My Easy Day was Yesterday!

I’ve been using this website for training & nutrition advice and I thought it would be a good time to start my training log.

Background:

I’m a 42 yr. old “has been” who befriended a trainer about a year and a half ago and was educated on how to properly train & EAT! I have since lost 50 lbs. then subsequently gained 15 lbs. of mostly muscle. I look and feel good but this lifestyle has left me with an appetite for more.

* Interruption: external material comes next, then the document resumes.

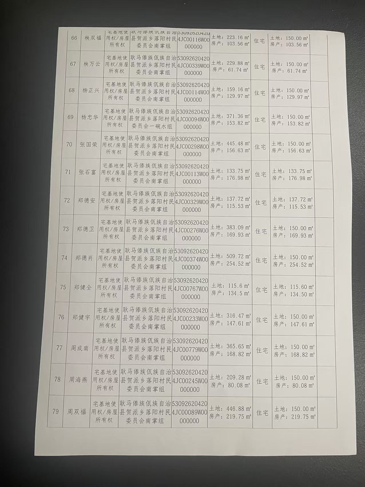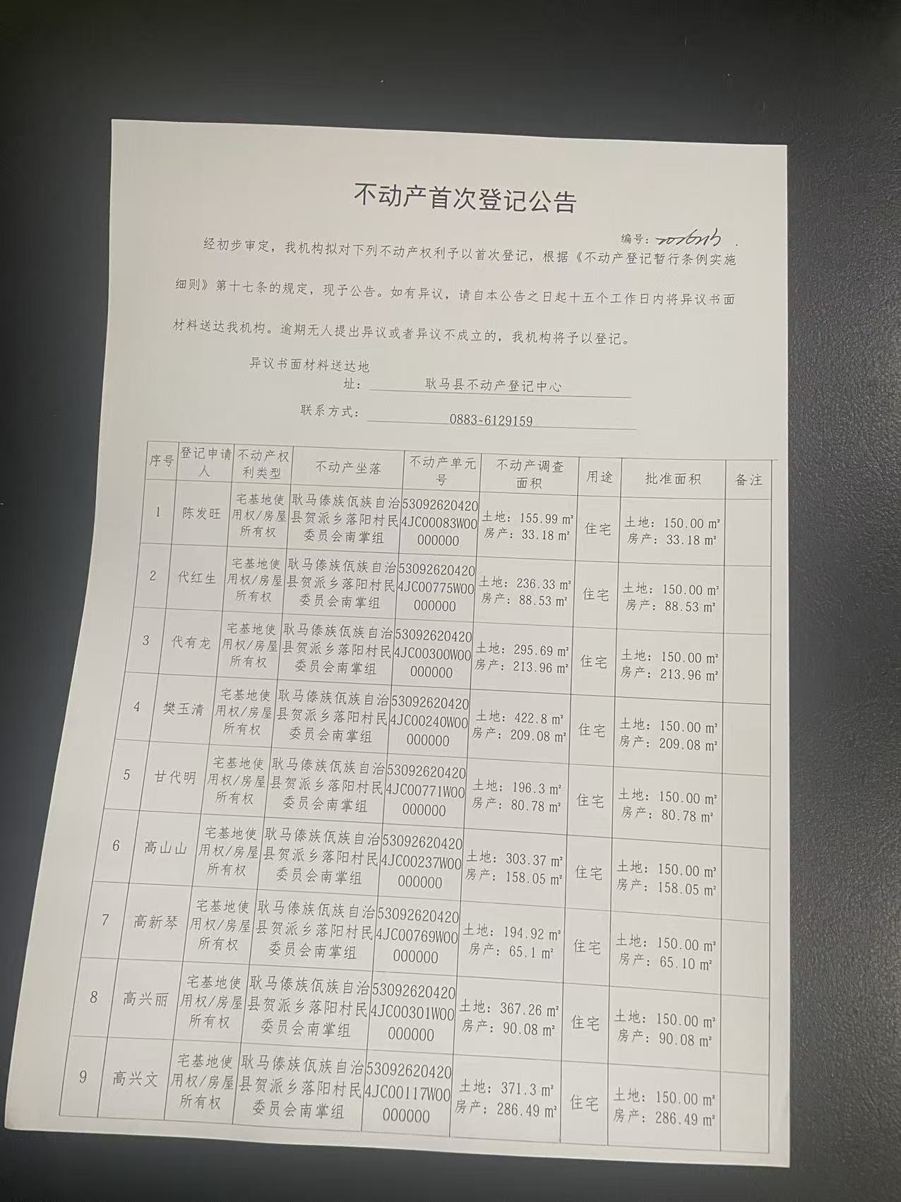 不动产首次登记公告(贺派乡落阳村南掌组80户)
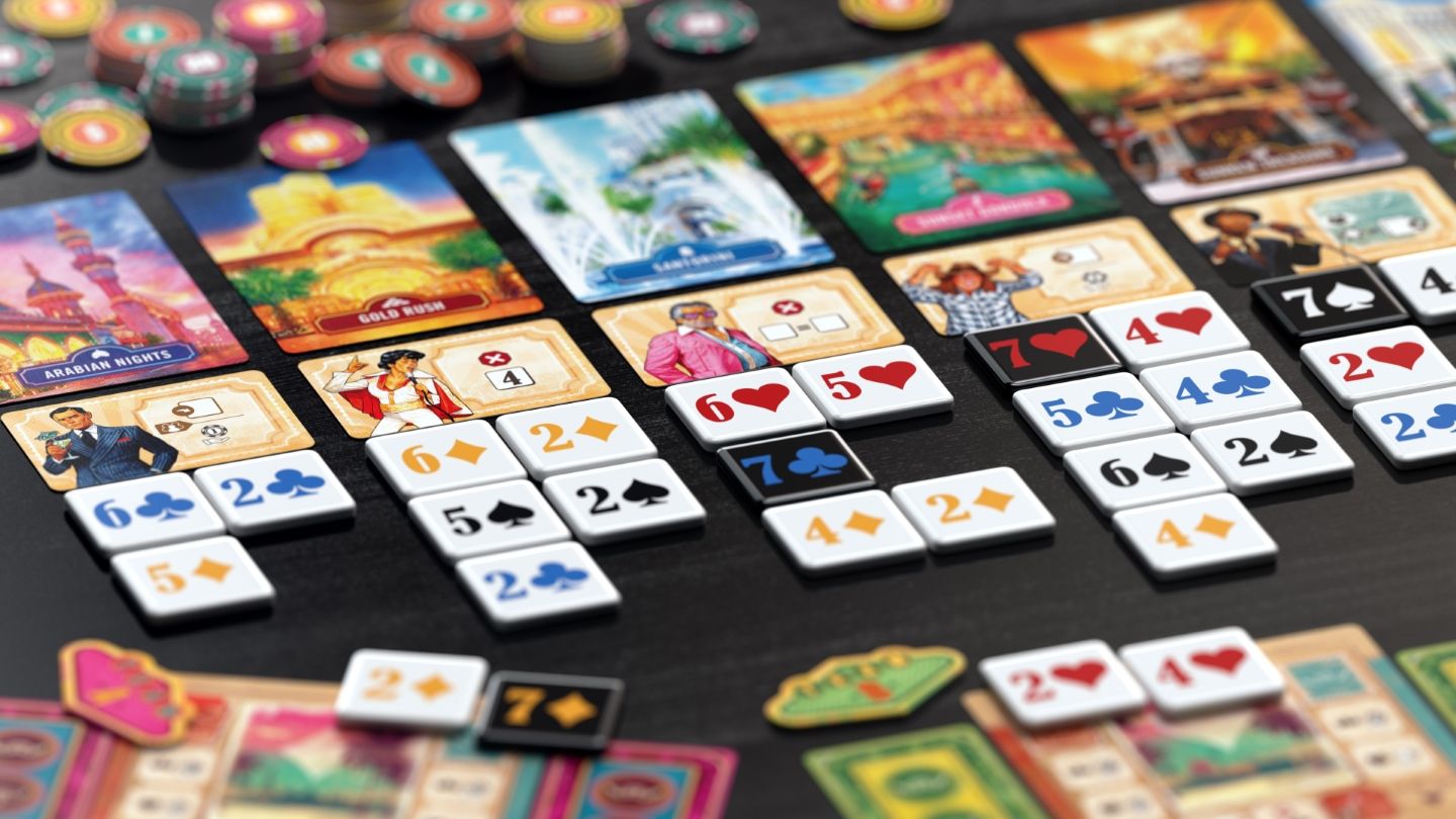 In this 2-6 player bluffing game, players have hidden information about which casinos are corrupt. Take turns playing money tiles (two 2’s, two 4’s, one 5, one six, one seven) into the different casinos.

In my 20’s I was in the Marine Corps (Reconnaissance) and had more of a long distance running, swimming background. My 3 mile PR is 14:57 (o.k. you caught me bragging.) So I’m making the transformation from skinny distance runner to overweight “has been” to bodybuilder.

Stats:
5’ 10"
207 lbs.

Bicep = 15 1/8", waist 36 7/8", Chest 41 1/4, Thigh 23 1/2"

Goals:

During 2010 I’d like to gain another 15 lbs. of muscle while still maintain my current estimated body fat % (somewhere between 15% & 20%)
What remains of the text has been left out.